Vision Transformers Need Registers
Introduction
The paper investigates artifacts in Vision Transformer (ViT) feature maps and proposes a solution by introducing additional register tokens. Vision Transformers have demonstrated efficacy in learning visual representations, outperforming traditional Convolutional Neural Networks (CNNs) in certain visual tasks. However, both supervised and self-supervised ViT networks introduce high-norm tokens during inference, primarily in low-informative image areas.
Key Findings
- Artifact Identification: High-norm tokens appear mainly in low-informative background areas, repurposing them for internal computations.
- Proposed Solution: Introducing additional tokens in the input sequence significantly reduces the emergence of high-norm artifacts, thus enhancing the quality of feature and attention maps.
- Generalizability: This solution consistently improves performance across supervised and self-supervised models.
Artifact Characterization
ViT networks, both supervised like DeiT-III and self-supervised models like DINO and DINOv2, exhibit artifacts in the form of high-norm tokens in feature maps. This phenomenon becomes more pronounced with model size and training duration. These high-norm tokens:
- Emerge predominantly in the middle layers of the ViT.
- Hold significantly less local information but more global information, which is counterproductive for tasks requiring detailed spatial understanding.
Methodology
The paper introduces register tokens to the input sequence, acting as placeholders for internal computations, thus preventing the high-norm artifacts from appearing in regular image patch tokens. Both qualitative and quantitative evaluation demonstrates that:
- Attention Maps: The inclusion of registers results in smoother and more interpretable attention maps.

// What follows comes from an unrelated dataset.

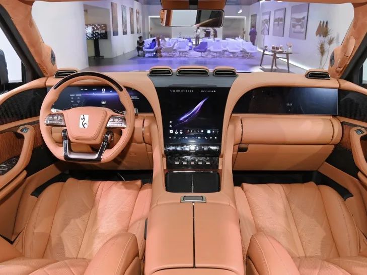内饰方面,12.3英寸全液晶仪表搭配12.6英寸竖置中控屏幕,对称轴的中心设计仍然是红旗的拿手好戏,车内也遍布新红旗的徽标元素,搭配车内大量钢琴烤漆和木纹装饰件,档次感十足。
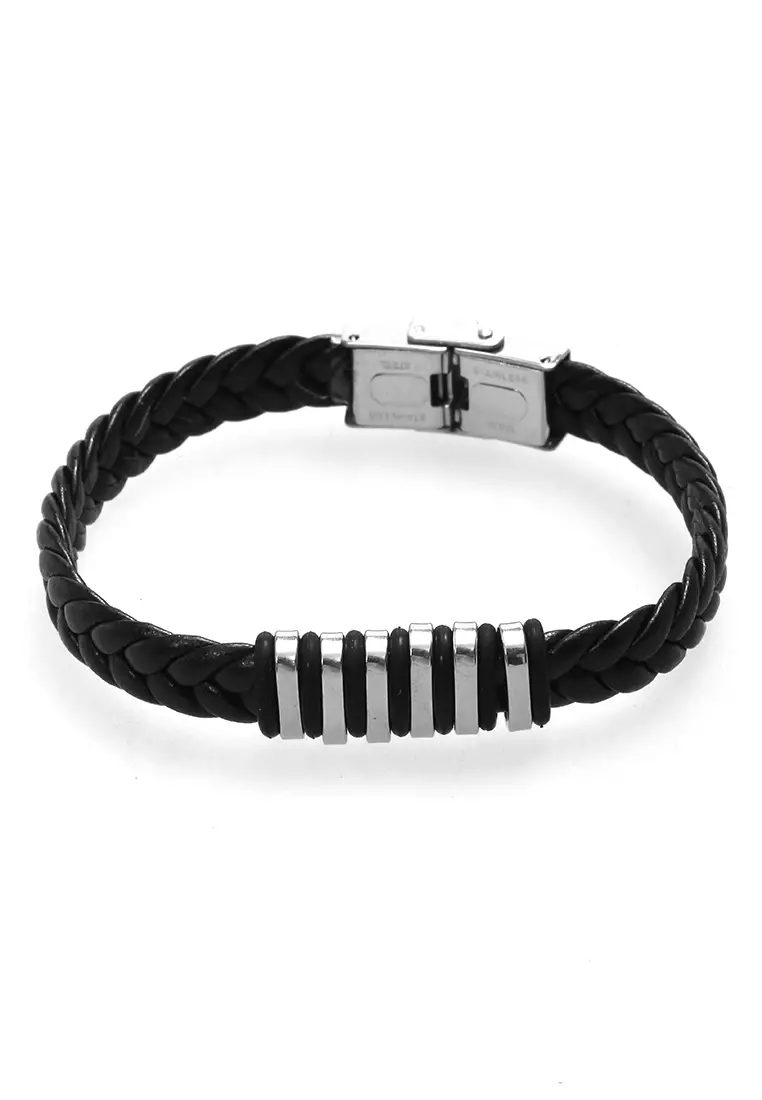 Aleda Gelang Kasual Pria Aksesoris Fashion Adjustable Strap Elegant Design Material Leather Stainless Steel ORIGINAL - Black Silver

- Feature Maps: Principal component analysis of feature maps from models with registers shows markedly fewer artifacts.
Experimental Setup
The paper ran experiments across various ViT models:
- Supervised Learning: DeiT-III trained on ImageNet-22k.
- Text-Supervised Learning: OpenCLIP trained on a text-image-aligned corpus.
- Self-Supervised Learning: DINOv2 using ImageNet-22k as the dataset.
Performance assessments included linear probing on ImageNet classification, ADE20k segmentation, and monocular depth estimation on NYUd.
Results
Quantitative Analysis
- Dense Prediction Tasks: The introduction of registers effectively removed norm outliers and improved downstream task performance.
- Object Discovery: Specifically, in tasks like object discovery using LOST, models with registers significantly outperform those without.
Comparison Across Models
For supervised and self-supervised models, the following table summarizes improvements:
1
2
3
4
5
6
7
8
9
10
11
|
| Model | Metric | Without Registers | With Registers |
|--|--|-|-|
| DeiT-III | ImageNet Top-1 (%) | 84.7 | 84.7 |
| | ADE20k (mIoU) | 38.9 | 39.1 |
| | NYUd (rmse) | 0.511 | 0.512 |
| OpenCLIP | ImageNet Top-1 (%) | 78.2 | 78.1 |
| | ADE20k (mIoU) | 26.6 | 26.7 |
| | NYUd (rmse) | 0.702 | 0.661 |
| DINOv2 | ImageNet Top-1 (%) | 84.3 | 84.8 |
| | ADE20k (mIoU) | 46.6 | 47.9 |
| | NYUd (rmse) | 0.378 | 0.366 | |
Implications and Future Work
This research demonstrates the importance of handling internal tensor operations within ViTs to preserve spatial and local information essential for various visual tasks. The introduction of register tokens offers a straightforward yet effective mechanism to improve the interpretability and performance of ViT models without altering the output structure or incurring significant computational overhead.
Future directions might include:
- Granular Analysis: Understanding the specific conditions under which high-norm artifacts form, especially in larger datasets and different training regimes.
- Advanced Register Mechanisms: Exploring dynamic registers that can adapt based on the input complexity or other heuristic criteria, potentially enhancing model flexibility.
- Broader Applications: Testing the efficacy of registers in other transformer-based architectures and diverse visual tasks.
Conclusion
The identification and mitigation of high-norm artifacts in ViT models mark a pivotal step towards enhancing the robustness and versatility of these architectures in visual tasks. The proposed introduction of register tokens not only resolves artifact issues but also enhances performance in dense prediction and object discovery tasks, making it a valuable contribution to the optimization of Vision Transformers.